The space is split between Gmail and Picasa. I’m not even close to my Gmail limit and I’m not currently a Picasa user. In theory there’s also some unofficial hacks that allow the space to be used for file storage, like gDisk for the Mac. But I’m not willing to trust something Google may break at anytime so it’s not a consideration. What I’d be looking to use the disk for is to back up my photos. Right now I have just under 20GB of photos and it costs me less than $3/mth to keep them backed up offsite. So that’s $36/year, still shy of the $50.

But that assumes I could easily save everything up to Picasa and I found that wouldn’t be possible. The Picasa 3 desktop allows automatic syncing of it’s albums to albums on Picasa web albums. But this proved to be problematic and not a better solution than plain old backup via Jungle Disk. The deal-breakers were:

  • Picasa is limited to 1,000 albums with up to 1,000 photos in each album. This sounds like a lot but the 1,000 album limit is a deal breaker for me. I keep my files in a directory structure and the number of directories already exceed 1,000. I don’t want to do any drag or dropping to create new albums just for syncing since that’s prone to error. Sure, I have plenty of directories with one or two photos, but I don’t want to re-organize everything , I’m set in my ways.
  • Deleting entire albums from Picasa desktop did not delete the album from the web. Photos within albums deleted just fine. Deleting all pictures in a folder automatically deleted the folder so it’s not like I could keep the folder behind until it synced the deletions.
  • RAW image files were synced to the web as jpg’s so it wouldn’t be a true backup.

While a lot of people like Picasa, there was nothing that caught my attention and would compel me to use it. I’ll keep looking at it and may yet find some compelling feature, but for now I’d have a hard time justifying 200GB for Picasa. Realistically I’d be better off with a lower priced plan.
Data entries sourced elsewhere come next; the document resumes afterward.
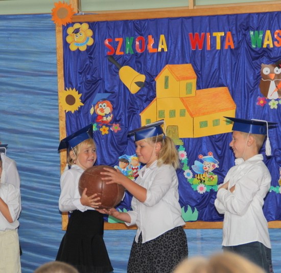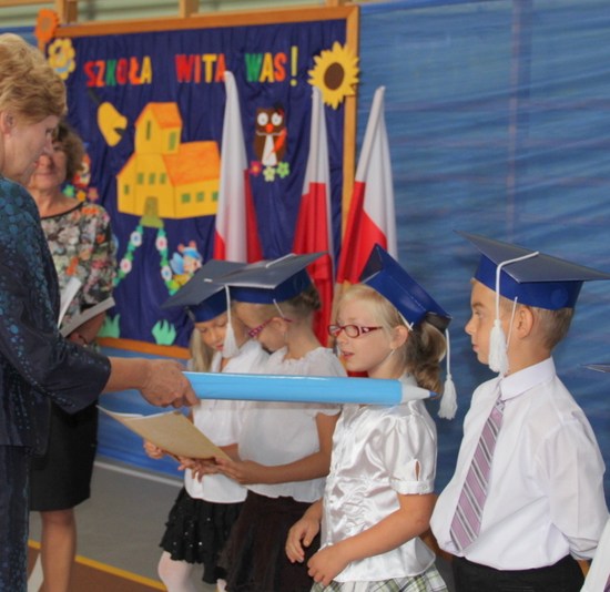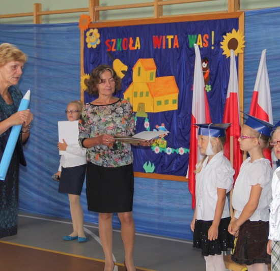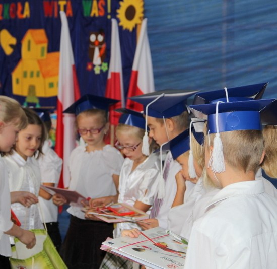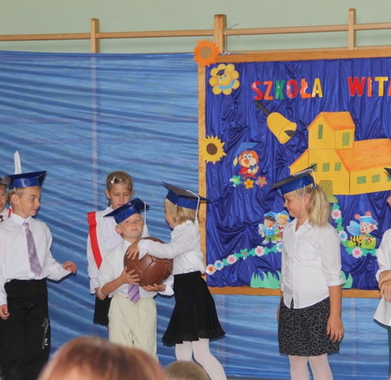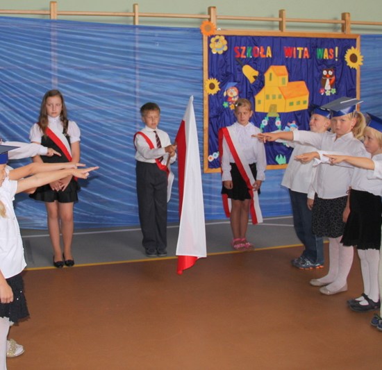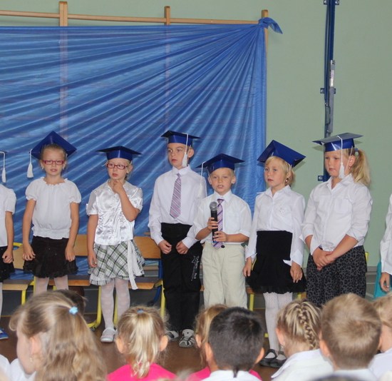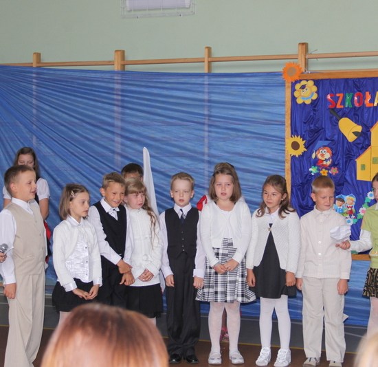 Jak co roku zaczęliśmy mszą św. Następnie udaliśmy się do szkoły. Dzieci przedszkolne powitały nowy rok w swojej sali, reszta szkoły – w sali sportowej. Ola Kozak w imieniu samorządu szkolnego powitała wszystkich przybyłych na uroczystość. Bohaterami dnia byli tradycyjnie pierwszacy: Artur Ogrodowicz, Paulinka Woźna, Adam Kubicki, Michał Kabaciński, Patrycja Banaszak, Zuzia Nowak, Wiktoria Dudkowska, Zosia Buchert.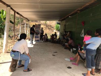También en Petén, la delegación capacitó a vecinos del barrio Nuevo Mangal, San Benito. Los 21 habitantes conocieron sobre la correcta disposición de la basura, las obligaciones de las municipalidades y las responsabilidades que tienen de separar la basura desde el hogar.
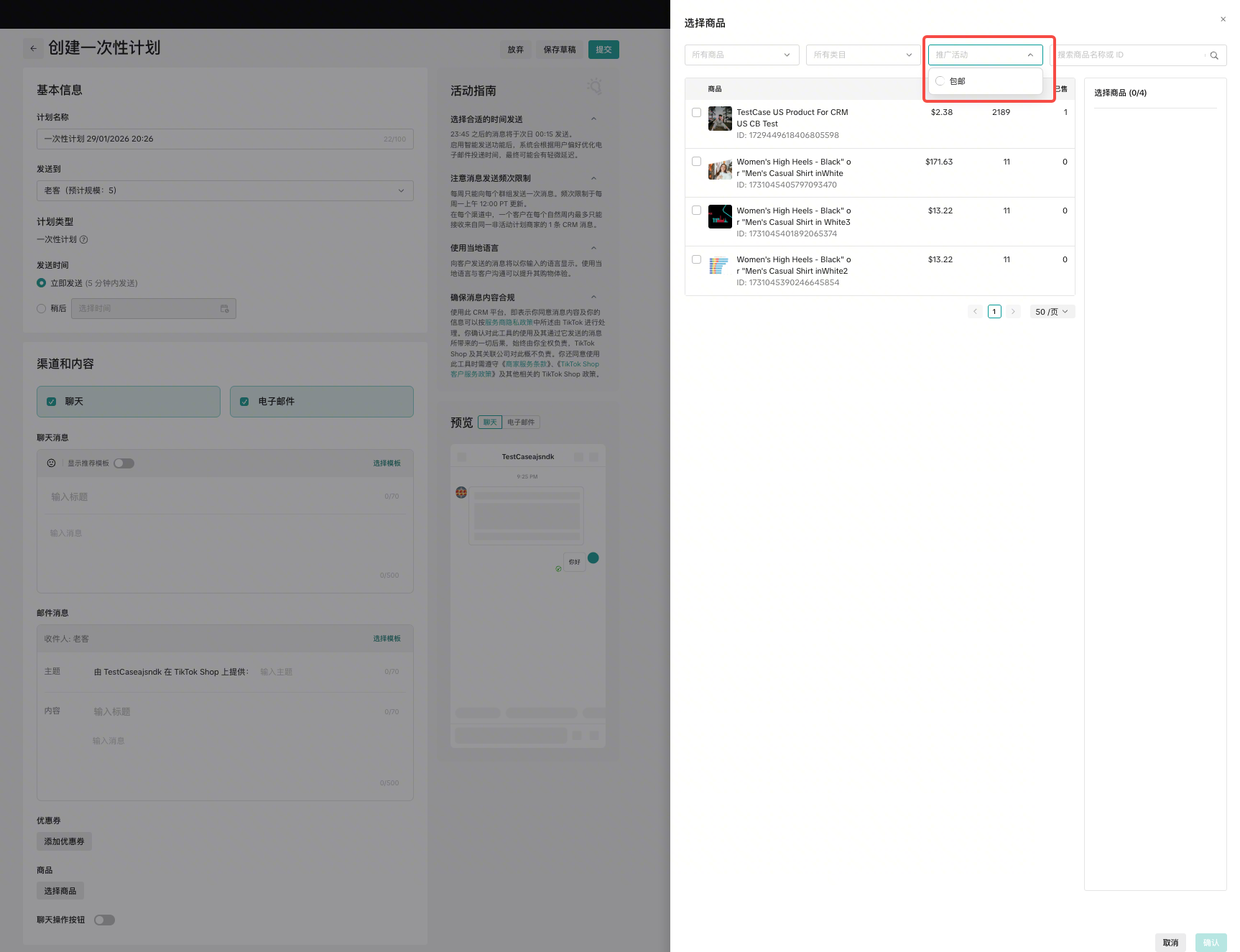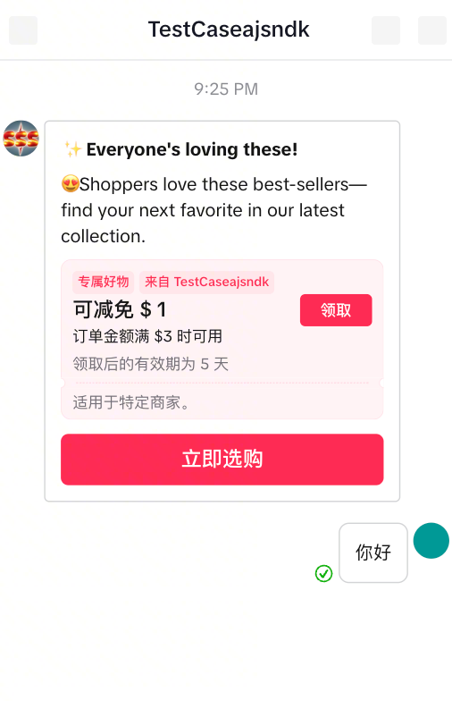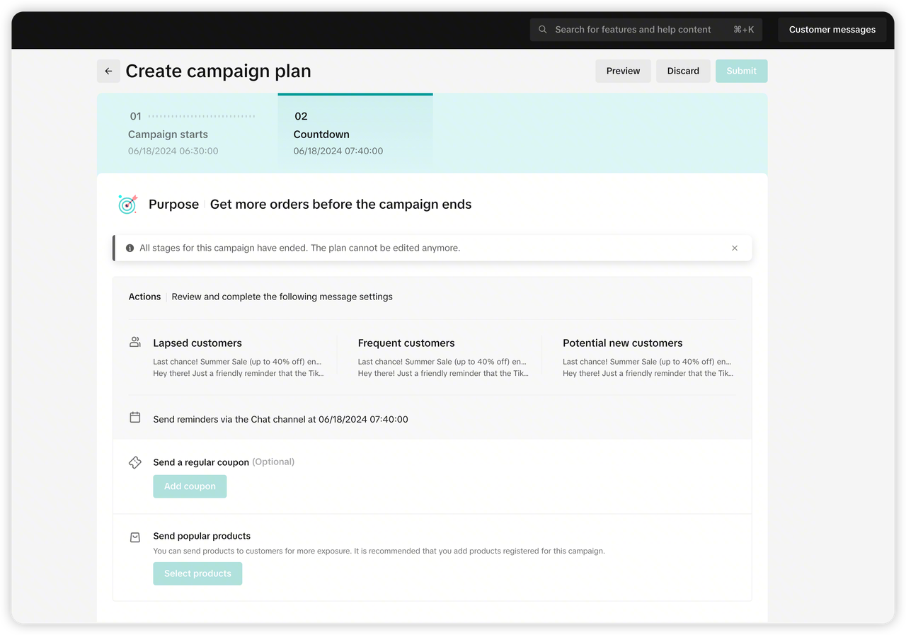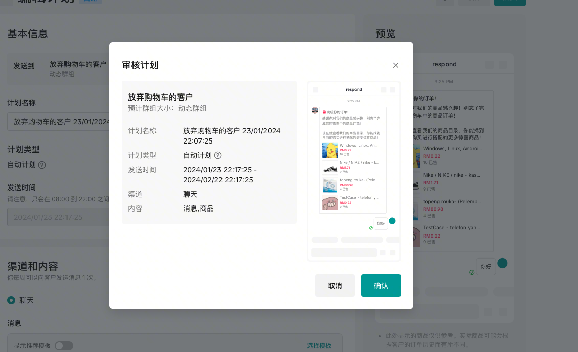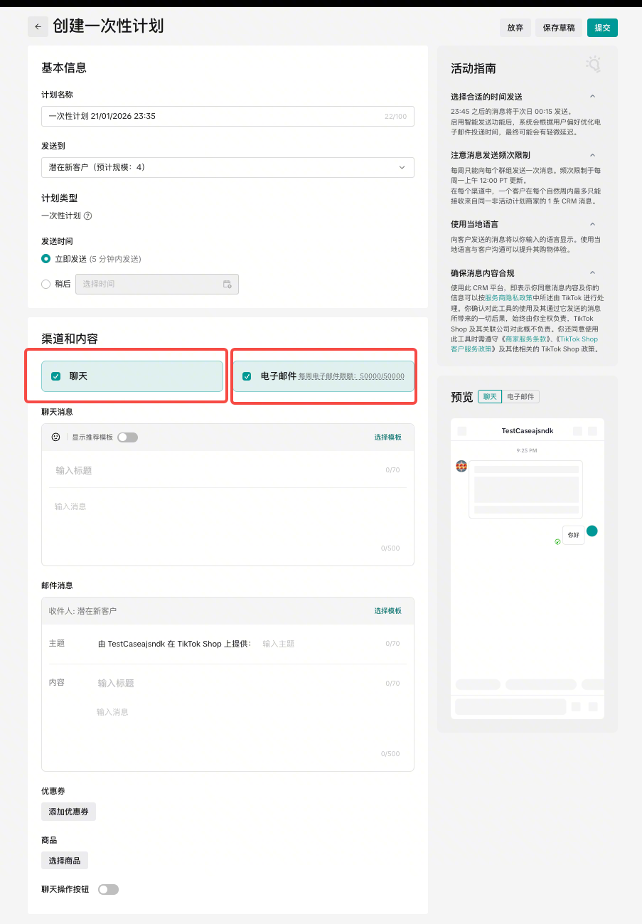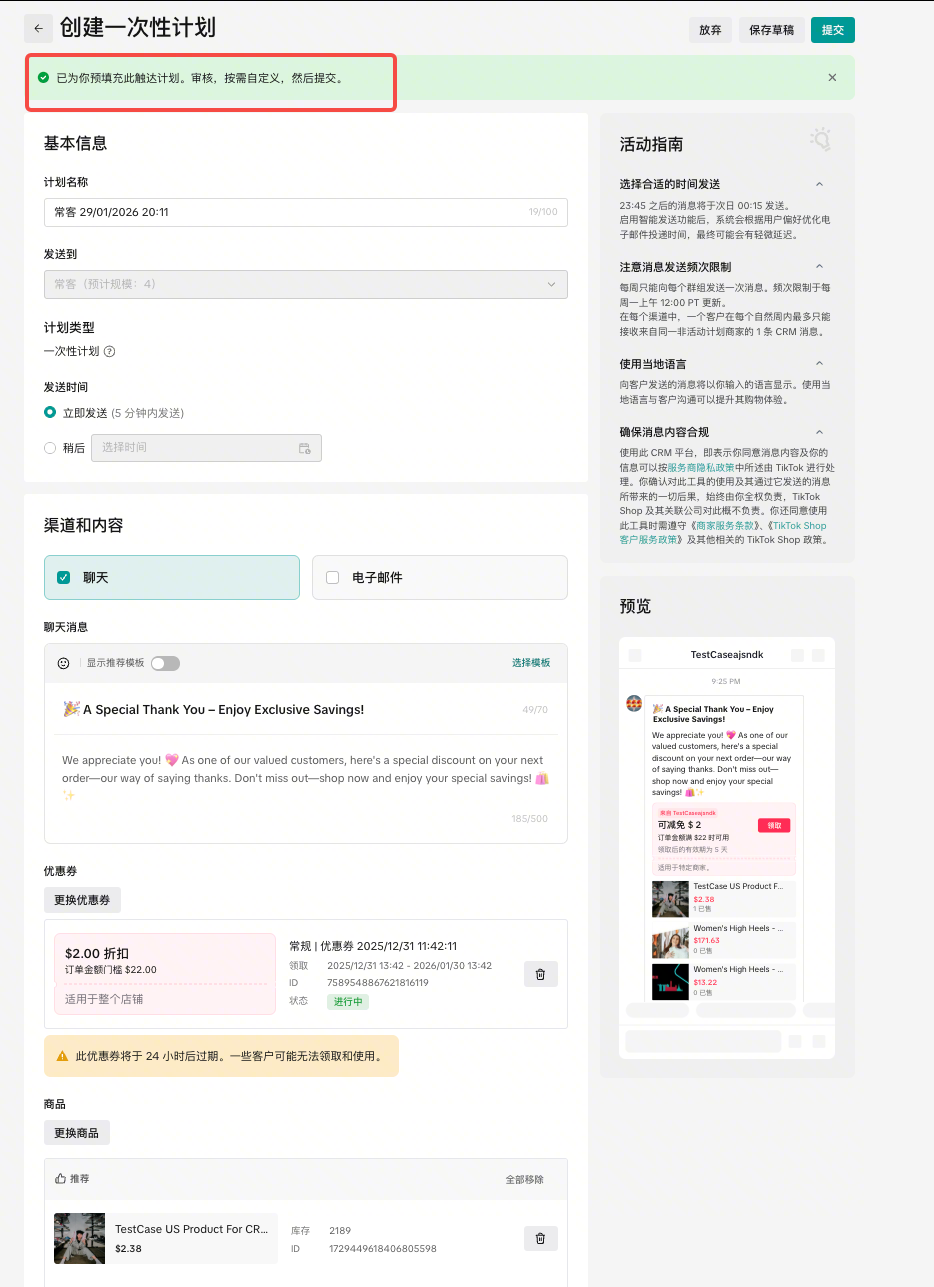 在 管理你的促销活动 创建CRM计划后,将根据优惠券类型圈选触达人群,并预填写触达文案(仅支持聊天渠道)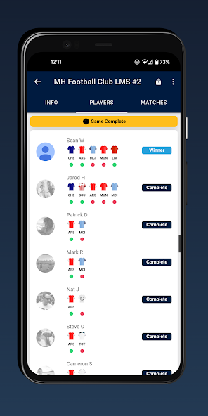 El formato del juego es realmente simple. Cada jugador selecciona 1 equipo para ganar cada ronda de una liga de fútbol en vivo (por ejemplo, EPL, NRL o AFL), si su equipo gana, juegas. ¡Dibuja o pierdes y estás fuera! El último de pie es el ganador del juego.

Then there’s the Eye-Fi card. If it was worth the cost then I could consider $50 for the card and the Google storage as the free product. The version offered is the Eye-Fi Home Video which has a list price of $69. I don’t find it online anywhere for a street price. The closest card is the Eye-Fi Share Video which sells for $73 at Amazon. If I had to guess I’d say the “catch” is that that since the Home Video card doesn’t typically include any online component the only online options are Picasa and YouTube. These are the only online services specifically mentioned in the offer. The Share Video allows sharing with more services. Other, more expensive, cards include geo tagging photos which would add a potentially useful feature.

I like the idea of being able to automatically load pictures from my camera to my PC automatically, but the Wi-Fi card doesn’t offer anything else that’s compelling to me.

So while the Google/Wi_fi offer does seem like a good deal I’m not yet convinced it’s worth $50 to me. I’m still intrigued by Picasa and the web album component so I’ll keep considering it.

I also decided to looks at some alternatives:

  • SmugMug offers online albums along with a “SmugVault” that can be used to store any type of file (such as RAW files) but it’s a subscription service and would cost more than what I have now.
  • The old standby Flickr is $25/yr for unlimited storage. Still, it’s not a good solution for backup. There are plenty off Flickr add-ins and plug-ins so I could probably find one to do syncing, but it still wouldn’t be a true backup.
  • I already use Windows Live Photo Gallery to organize my photos and like it. Plus there’s a free 25GB for online photo albums. But like the others, it’s lacking as a backup solution.

So, the bottom line is Jungle Disk remains the way I backup my photos. I’m really not surprised since it’s cheap and easy. Picasa still has my attention if I want to do some online albums and the Eye-Fi card would offer some convenience. But I’d probably want the version that does geo tagging (although I haven’t done any research to see how well it does that). I may spend the $50 bucks in a moment of weakness since it is a good deal, but for now I won’t be clicking the button to upgrade storage and order the card.